I'm not sure if I understand your experiment, but if you are going to work with whole blood samples and stain for CD11b-FITC and after that you are going to fix your cells I think you are safe. Is not the clone the problem when you are working with fixed cells in flow cytometry, is more the fluorochrome, the tandem fluorochromes (APC-cy7, PE-Cy5 etc) dissociate when you fix them so if you need to fix is better to use simple fluorochromes as FITC. Anyway you need to measure the performance of your antibody comparing the results in samples without fixation and samples fixed and stored for the amount of time you are going to store them (always in the dark and 4C).
in my case I have to fix cells first and then to stain the whole blood samples for CD11b activation, as described in the following paper:
A novel flow cytometric assay of human whole blood neutrophil and
monocyte CD11b levels: Upregulation by chemokines is related to
receptor expression, comparison with neutrophil shape change, and
effects of a chemokine receptor (CXCR2) antagonist
Grant C. Nicholsona, Rachel C. Tennanta, Donald C. Carpenterb, Henry M. Saraub,
Onn Min Konc, Peter J. Barnesd, Michael Salmonb, Rupert S. Vesseyb,
Ruth Tal-Singerb, Trevor T. Hansela,
I have CD11b-FITC, the simple fluorochrom, ICRF44 clone from eBiosciences. I was told by technical support, that this clone is not compatible with fixation. But I found the opposite results on BD website.
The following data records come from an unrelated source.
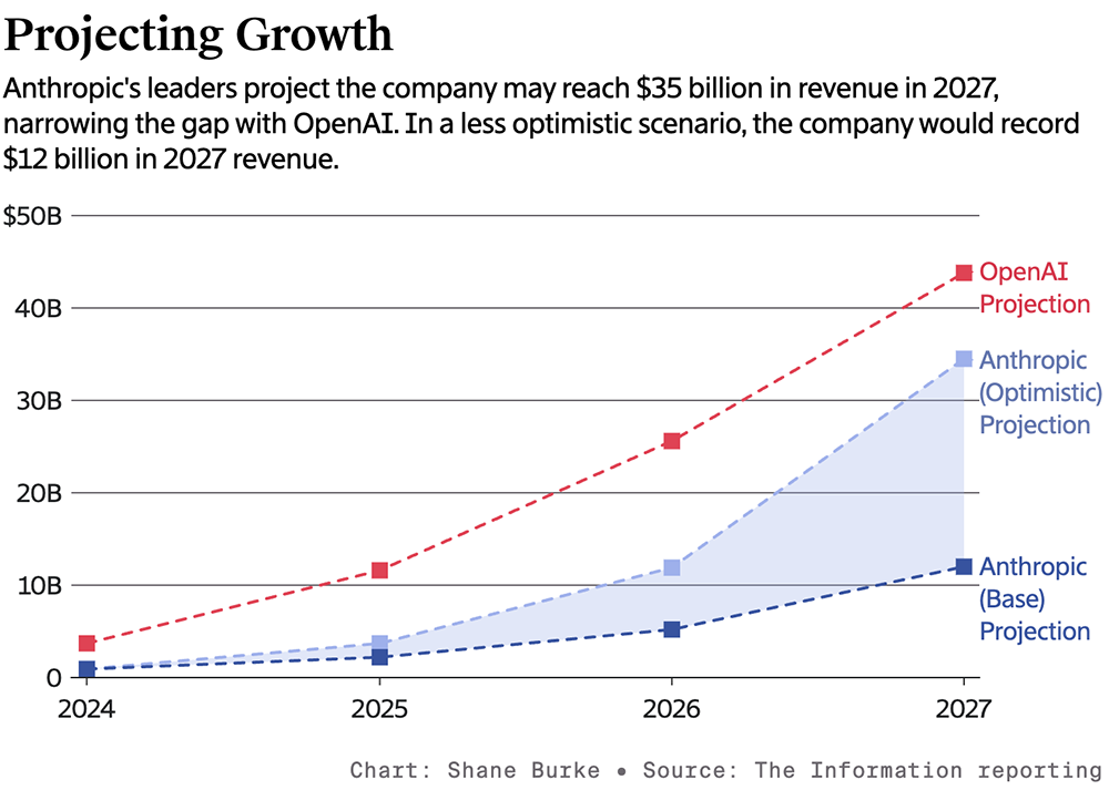 ▲Anthropic高层预计到2027年缩小与OpenAI的收入差距(图源:The Information)
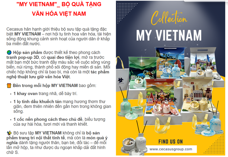 Với Cecasus, mỗi sản phẩm không chỉ là quà tặng, mà là một hành trình của nghệ thuật, ký ức và cảm xúc. Chúng tôi cam kết không ngừng sáng tạo, nâng tầm giá trị thủ công Việt, để mỗi món quà trao đi đều là một thông điệp trân quý, một cầu nối văn hóa, và một dấu ấn khó phai trong lòng người nhận.
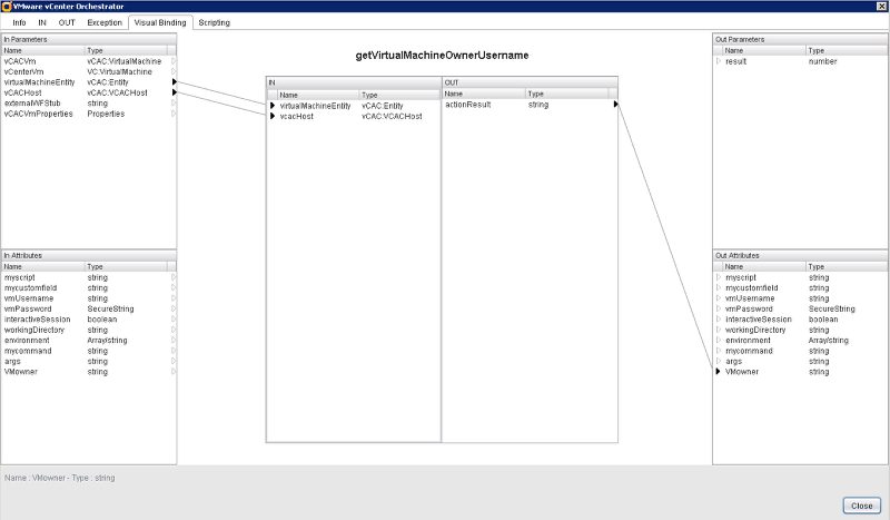 Now go back to the Schema Tab and click to edit the GetVirtualMachineOwner Action and go to the visual bindings tab and connect the following then close
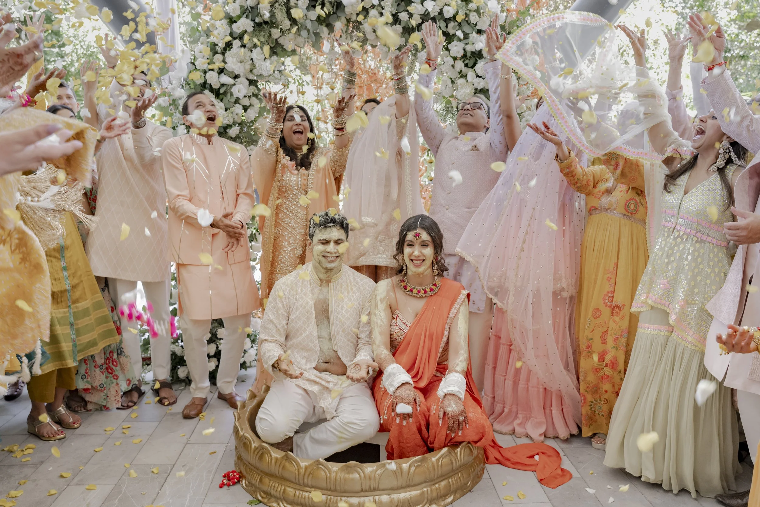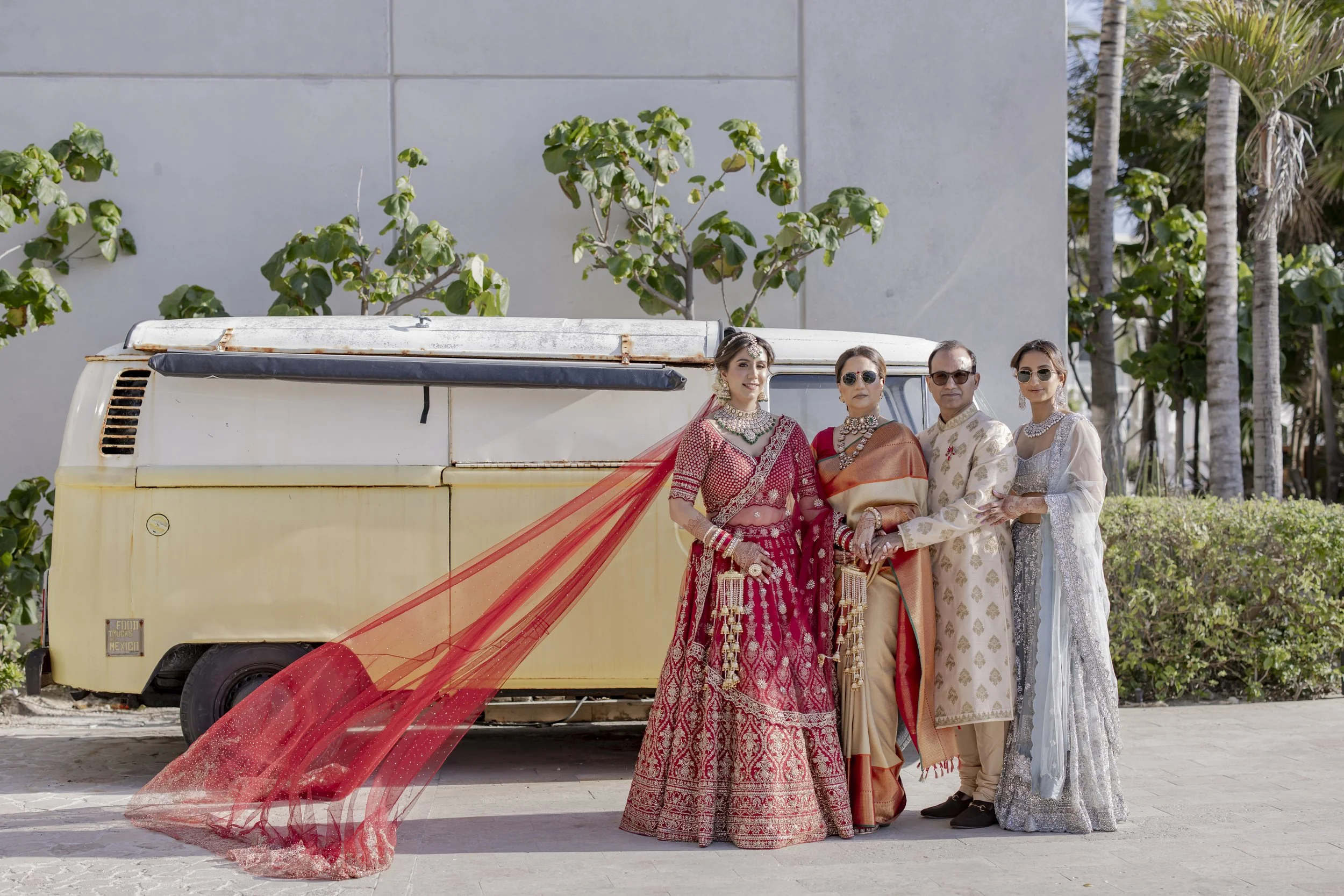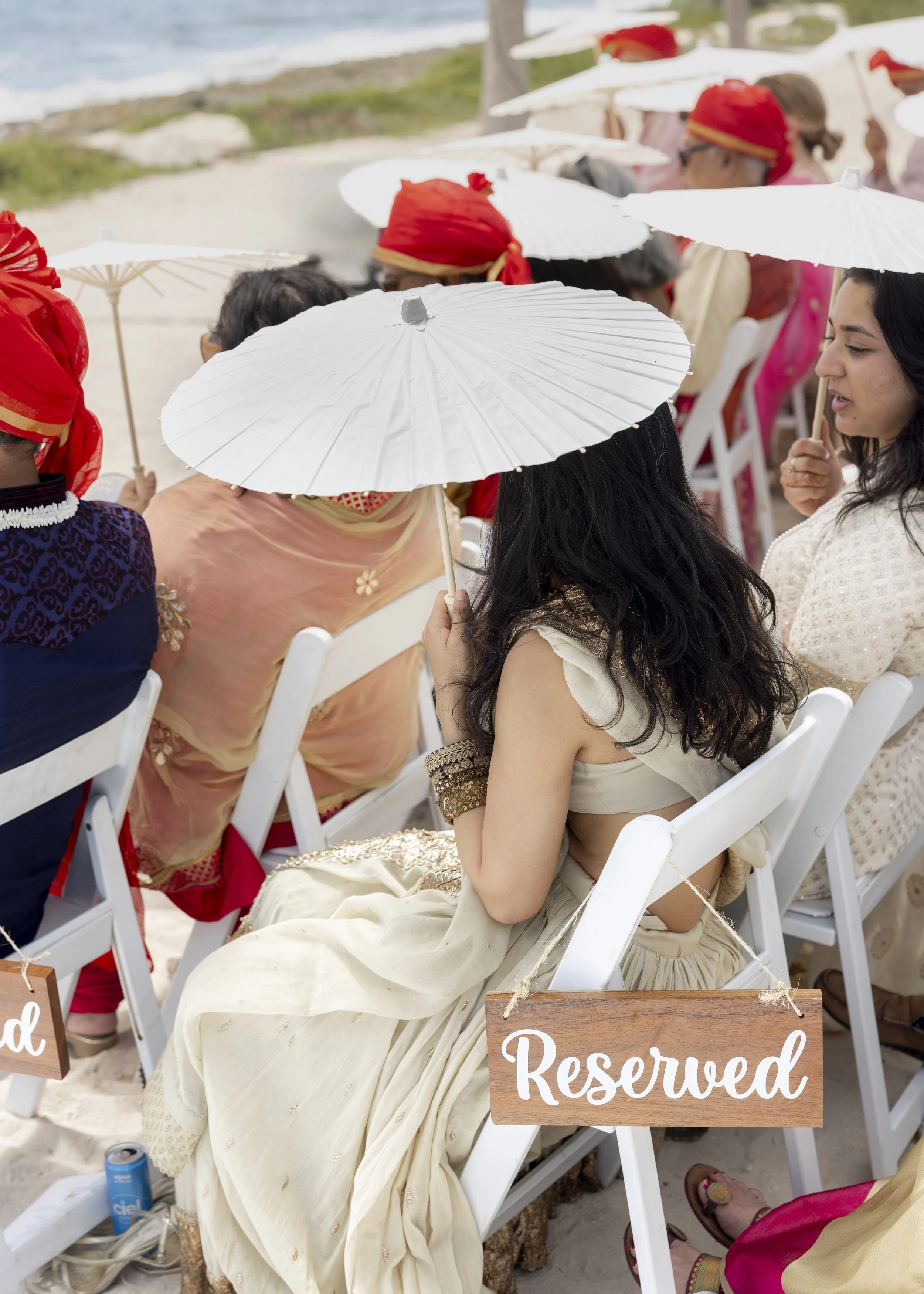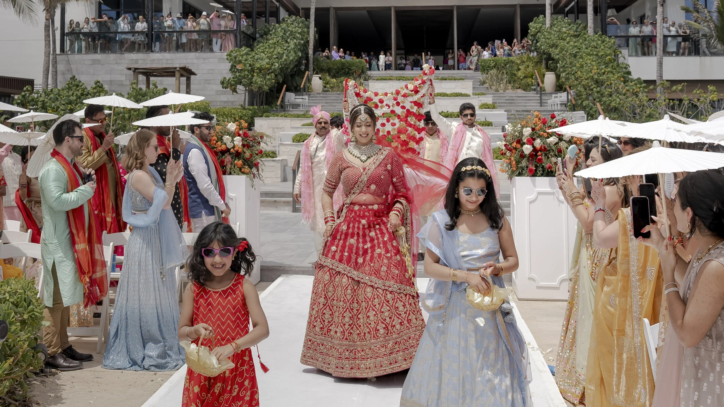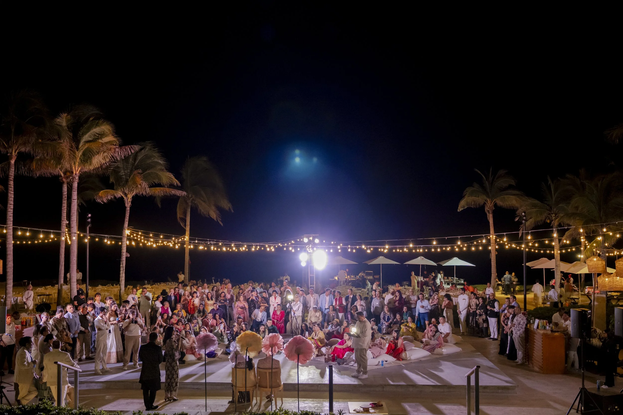 Aditi & Saubhav’s wedding in Tulum was a breathtaking celebration by the sea. The mandap, draped in soft blush fabric and adorned with cascading pastel blooms, stood gracefully against the ocean backdrop. The bride, radiant in red and gold, walked down the aisle to her favorite song, while the groom looked regal in ivory. Friends shaded the couple with dainty umbrellas as they circled the sacred fire under the golden sun. Later, everyone danced the night away under the Mexican skies, a perfect finale to a celebration filled with love, laughter, and togetherness.
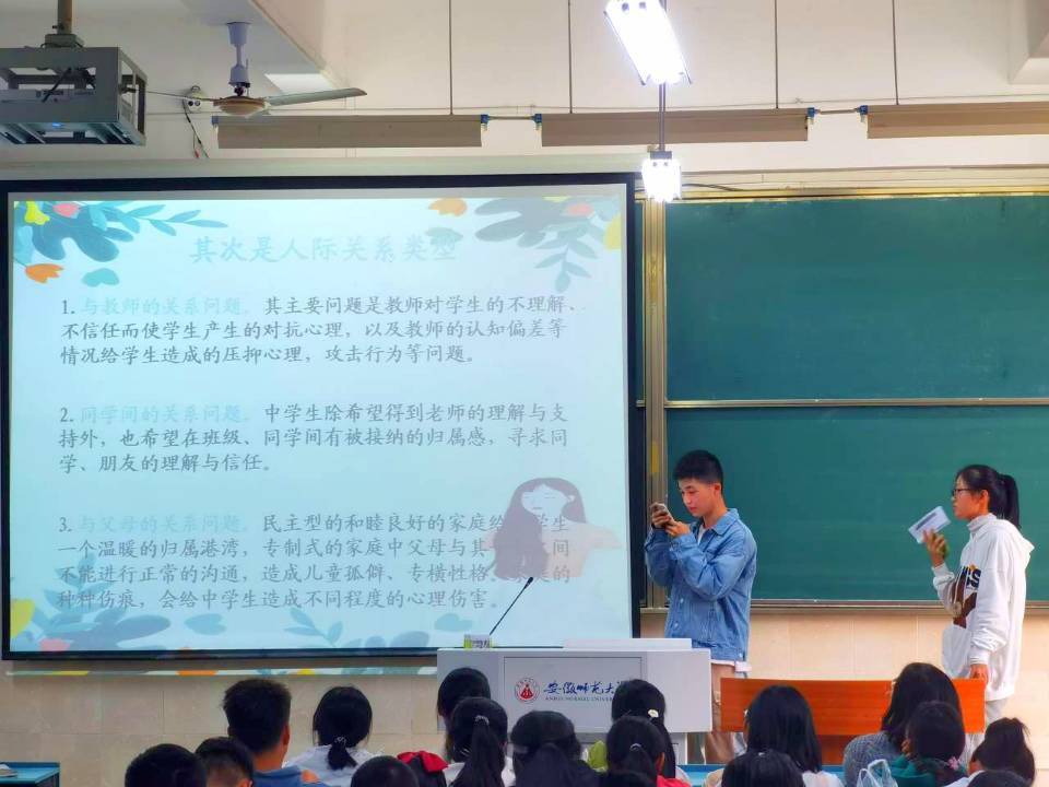 细品心理健康,完善美好生活。活动辗转进入问题互动环节,同学们积极交流各自在日常生活中遇到的问题和困惑,紧接着主持人又详细的向我们介绍其中的学习类问题和人际关系问题,在人际关系问题中从“个人与教师、同学、父母间关系”进行细致讲解,同学们纷纷表示对这些问题有了一个更加清晰的认知。

I would suggest then that you try to analyze the same sample fixed and without fixation and check for the percentage of positive cells and fluorescence intensity maybe of CD11b, if you obtain the same results then you are good to go!
Also, eBiosciences have their on fixation solution and (of course) they strongly suggest that you use that one because their results are validated with that product. So maybe is worth to try that too just to be safe.